Memory Leaks in Trans. Conv

I have noticed that used GPU memory after transposed convolution does not correspond to the estimated GPU memory.

def get_gpu_memory_map():
   
    result = subprocess.check_output(
        [
            'nvidia-smi', '--query-gpu=memory.used',
            '--format=csv,nounits,noheader'
        ])
    
    return float(result)

conv1 = nn.Sequential(nn.Conv3d(in_channels=8, out_channels=8, kernel_size=4, stride=1, padding=1),
                        nn.LeakyReLU(negative_slope=0.1, inplace=True),
                        nn.BatchNorm3d(8)).float().cuda()


deconv1 = nn.Sequential(nn.ConvTranspose3d(in_channels=8, out_channels=8, kernel_size=4, stride=2, padding=1),
                        nn.LeakyReLU(negative_slope=0.1, inplace=True),
                        nn.BatchNorm3d(8)).float().cuda()

deconv2 = nn.ConvTranspose3d(in_channels=8, out_channels=1, kernel_size=4, stride=2, padding=1).float().cuda()
  
gpu_init = get_gpu_memory_map()
inp = Variable(th.rand(1, 8, 64, 256, 256).cuda())

gpu_before = get_gpu_memory_map()
print 'before deconvolution %f, should be %f' % (gpu_before-gpu_init, float(8*64*256*256*32) / (8*1024*1024))

out =  deconv1(inp)

gpu_after1 =  get_gpu_memory_map()
print 'after 1st deconvolution %f, should be %f' % (gpu_after1-gpu_init, float(8*128*512*512*32 + 8*64*256*256*32) / (8*1024*1024))

out =  deconv2(out)

gpu_after2 = get_gpu_memory_map()
print 'after 2nd deconvolution %f, should be %f'  % (gpu_after2-gpu_init, float(1*128*1024*1024*32 + 8*64*256*256*32) / (8*1024*1024))
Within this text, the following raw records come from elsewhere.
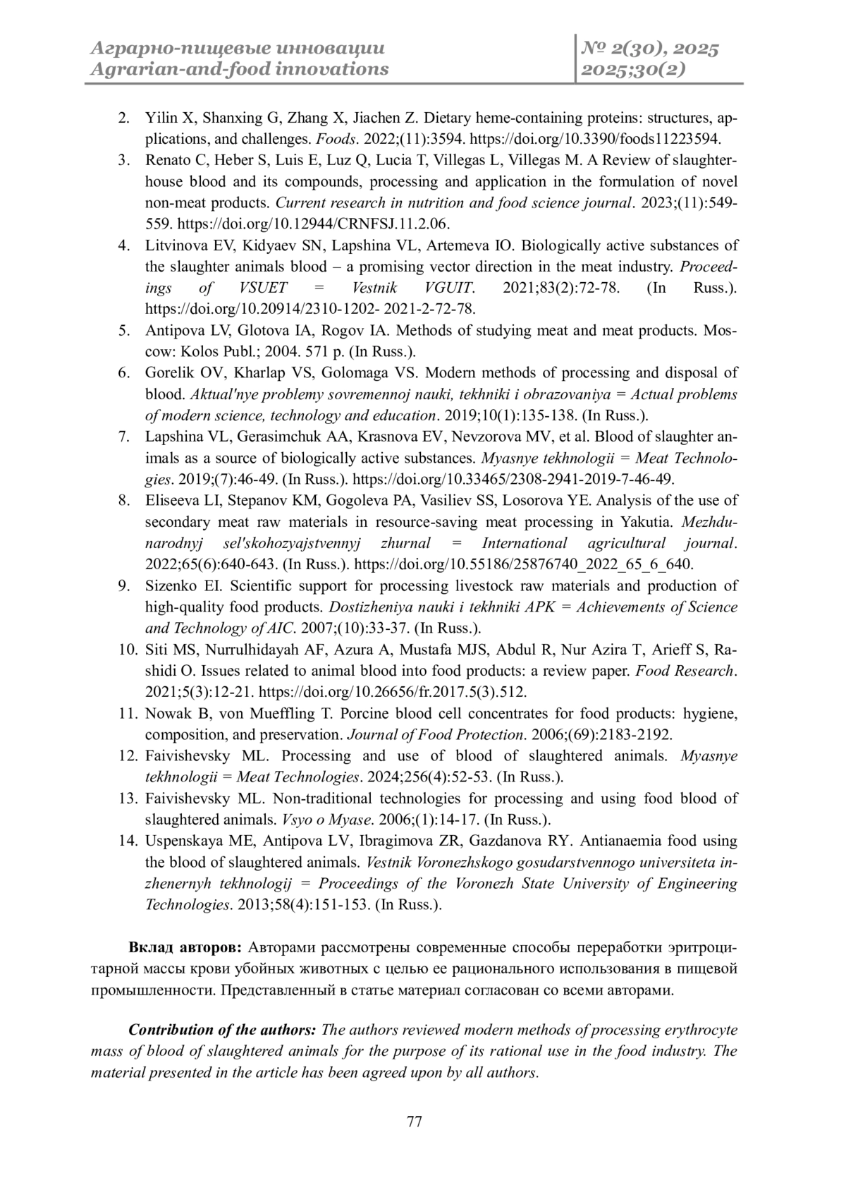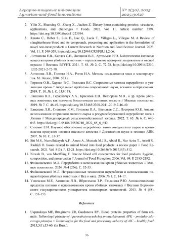 3. Renato C., Heber S., Luis E., Luz Q., Lucia T., Villegas L., Villegas M. A Review of slaughterhouse blood and its compounds, processing and application in the formulation of novel non-meat products // Current Research in Nutrition and Food Science Journal. 2023. Vol. 11. P. 549-559. DOI: 10.12944/CRNFSJ.11.2.06
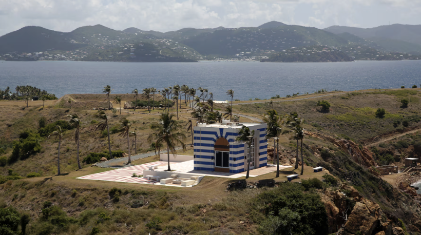 Jeffrey Epstein’ın Karayipler’deki özel adasında bulunan tuhaf mavi çizgili bina, izin kayıtlarına göre aslında bambaşka bir tasarıma sahip bir müzik pavyonu olarak planlanmış: NBC News’in 2019 yılında incelediği belgelere göre, ortaya çıkan yapı sunulan projelerle örtüşmüyor.
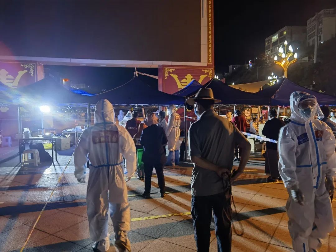 “為了您的安全,請保持1米以上間隔,謝謝?!蓖砩?點多,在茶馬廣場,支隊三級消防士張興梁,依然堅守在抗疫一線,維持著排隊做核酸的長隊。從早上7點開始,張興梁和其他消防隊員已堅守了14個多小時?!拔鞑貢円箿夭钐卮?,白天防護服里面衣服都濕透了,但是到晚上這個點已經(jīng)干了,正好不用換衣服了?!睆埮d梁打趣的說到。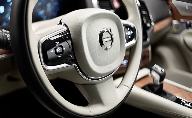 Inside, the most striking feature of the all-new XC90 is its tablet-like touchscreen control console, which is the heart of an all-new in-car control system, creating an interior that is "modern, spacious and uncluttered." Other luxurious accoutrements that can be found in the vehicle are soft-touch leather and handcrafted wood, as well as a gear lever that's made of crystal glass by famed Swedish glassmaker Orrefors.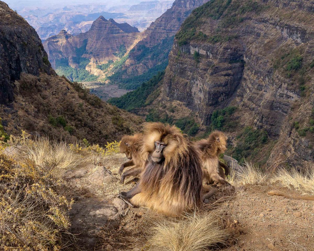 作為一種特殊類型的狒狒,這些狒狒睡在埃塞俄比亞山區垂直懸崖上伸出的小壁架上,以抵禦豹子襲擊的威脅。黎明時分,它們爬回高原上吃草,「這對它們來說是嚴峻的考驗,因為這種草沒有營養。」該雜誌說。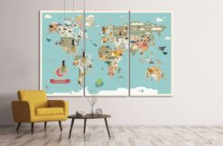 Kids world map Canvas Art Wall Decor 3 Piece Canvas Prints Artwork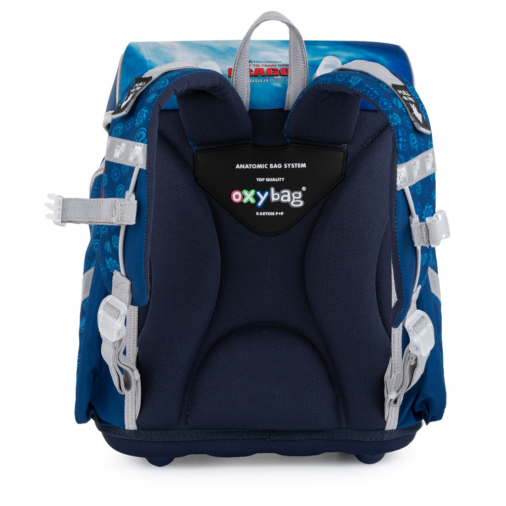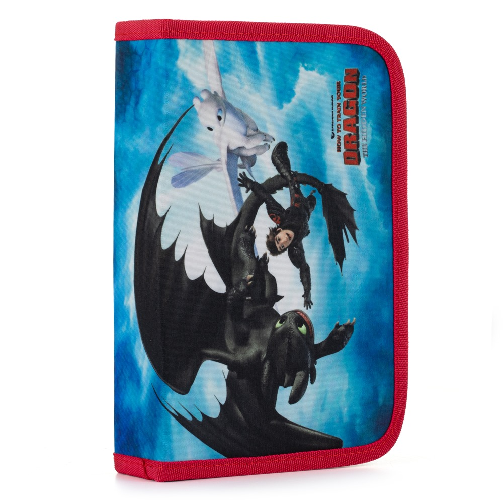 Školní set pro prvňáčka s motivem Jak vycvičit draka. Set obsahuje školní batoh Premium, sáček na cvičky, prázdný jednopatrový penál, kufřík a box na sešity A4.

before deconvolution 128.000000, should be 128.000000
after 1st deconvolution 2241.000000, should be 1152.000000
after 2nd deconvolution 3265.000000, should be 640.000000

Does this suggest memory leak?

I am using Pytorch 0.2.0_4, cuda8, cudnn7 and cudnn.benchmark = True flag.

When you work with Variable, some intermediate results are saved to be able to perform the backward pass if you ever call it.
Moreover, pytorch uses a custom allocator on gpu for efficiency reasons, so the memory that is freed is not returned to the gpu. You can use torch.cuda.empty_cache() to remove all unused memory from the custom allocator.

Thank you! I forgot to make them volatile in this example, but it does not affect the results much.